Anderson Cummins

Personal information
- Full name: Anderson Cleophas Cummins
- Born: 7 May 1966 (age 60) Christ Church, Barbados
- Batting: Right-handed
- Bowling: Right arm fast medium
- Role: All-rounder

International information
- National sides: West Indies (1991–1995); Canada (2007);
- Test debut (cap 203): 30 January 1993 West Indies v Australia
- Last Test: 10 December 1994 West Indies v India
- ODI debut (cap 60/45): 20 December 1991 West Indies v Pakistan
- Last ODI: 22 March 2007 Canada v New Zealand

Domestic team information
- 1989–1996: Barbados
- 1993–1994: Durham
- 1993–1995: Surrey

Career statistics
| Competition | Test | ODI | FC | LA |
| Matches | 5 | 76 | 66 | 136 |
| Runs scored | 98 | 486 | 1,672 | 1,152 |
| Batting average | 19.60 | 13.50 | 20.14 | 16.69 |
| 100s/50s | 0/1 | 0/0 | 1/8 | 0/2 |
| Top score | 50 | 44* | 107 | 67 |
| Balls bowled | 618 | 3767 | 11,026 | 6,976 |
| Wickets | 8 | 91 | 192 | 181 |
| Bowling average | 42.75 | 31.61 | 31.58 | 28.39 |
| 5 wickets in innings | 0 | 1 | 8 | 3 |
| 10 wickets in match | 0 | 0 | 1 | 0 |
| Best bowling | 4/54 | 5/31 | 6/64 | 5/16 |
| Catches/stumpings | 1/– | 14/– | 15/– | 29/– |
- Source: ESPNcricinfo, 24 August 2012

= Anderson Cummins =

Canadian cricketer

Anderson Cleophas Cummins (born 7 May 1966) is a Barbadian former international cricketer who represented both the West Indies and Canada. He was primarily a fast-medium bowler. He played 5 Tests and 63 ODIs for the West Indies between 1991 and 1995, and 13 ODIs for Canada in 2007.

==West Indies career==
Having made his name playing for Barbados, it was expected Cummins would make his Test match debut for the West Indies in their first-ever match against South Africa at the Kensington Oval in Barbados in 1992. However, the selectors eventually opted for Kenny Benjamin instead. As Cummins was the local favourite, many fans chose to boycott the match in protest.

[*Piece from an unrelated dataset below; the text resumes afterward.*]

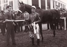 Formaat : 13 x 18 cm. - Jockey Palmer met Fast Fox in de paddock
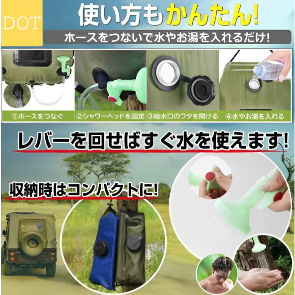 ポータブルシャワー キャンプ用 携帯シャワー 海 サーフィン 海水浴 釣り テント 簡易シャワー アウトドア ウォータータンク付き

Cummins eventually made his Test debut for the West Indies against Australia in 1993, but only appeared in four more Tests after that. His One Day International career was more successful and he appeared in 63 ODIs for the West Indies from 1991 to 1995 including 6 appearances in the 1992 Cricket World Cup. Cummins also picked up a sum of 12 wickets, being the most for the Windies at the said tournament.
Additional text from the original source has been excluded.